In the grand tradition of musical theater adaptations, it ends up being the smaller parts you remember most, and wish received more screen time—Fey is great of course, playing a role she’s written herself and sat with for the twenty years that followed, but Jon Hamm as a sex-ed teacher, Jenna Fischer as Cady’s supportive mom, and Tim Meadows, also reprising his role as the school principal Ron Duvall, are integral touches that you’ll wish could have been fleshed out more. One aspect that’s featured aplenty, and to less successful avail, is the superfluous use of screens—extended montages of images and noise that use TikTok, Instagram, and YouTube posts and videos—that appear anytime there’s a peak in the action or a character does something shocking or unexpected or an occasion goes horribly wrong, as in Regina getting splashed with water during homecoming pictures, coining a wet makeup look for the following weeks, or her annual ritual of the “Jingle Bell Rock” dance that ends in collapse. The gimmick worked wonders in the stage production of “Dear Evan Hansen,” which was later translated to less effective terms in the proceeding 2021 movie, but it feels like an incredibly transactional choice here, a simple method of depicting the passage of time that doesn’t elevate our knowledge of character motives, changes, piques, or the like. What it does do is give us all a painful reminder of the culture of mass media and what it chooses to highlight, which is often the failures and pratfalls of those we deem important or famous. Of course, that’s probably the point—“Mean Girls” is built around the idea of hate for hate’s sake, and preventing poor speech about a friend behind their back—which, I suppose, means the film is getting its message across.
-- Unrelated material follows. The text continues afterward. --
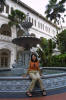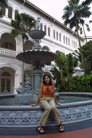 Chris enjoys a rest at the fountain in the courtyard of the famous Raffles Hotel |

But I’ve just got a feeling that a movie this cultured could have found smarter ways to unpack its themes, especially considering how well the rest of it is composed. In a sense, this is another story of the powerful one-percent (just check out the George family’s mansion) subjugating those they see as inferior because they’ve just been lucky enough to have it made. That’s always been a sort of secondary message to the “Mean Girls” storyline, but it reads even more relevant now. Admittedly, we didn’t really need a new adaptation of this fable in 2024, despite the fact that it is the original’s 20th anniversary, but it’s nice that we do have one, regardless of cynics who hate the spontaneous nature of musicals and think that solitary market should have died off long ago. Those things all buy into why the odds weren’t really in this movie’s favor, but Fey pushes through. When life gives you lemons, make lemonade.


Now playing in theaters.


 

"Mean Girls" is rated PG-13 for sexual material, strong language, and teen drinking.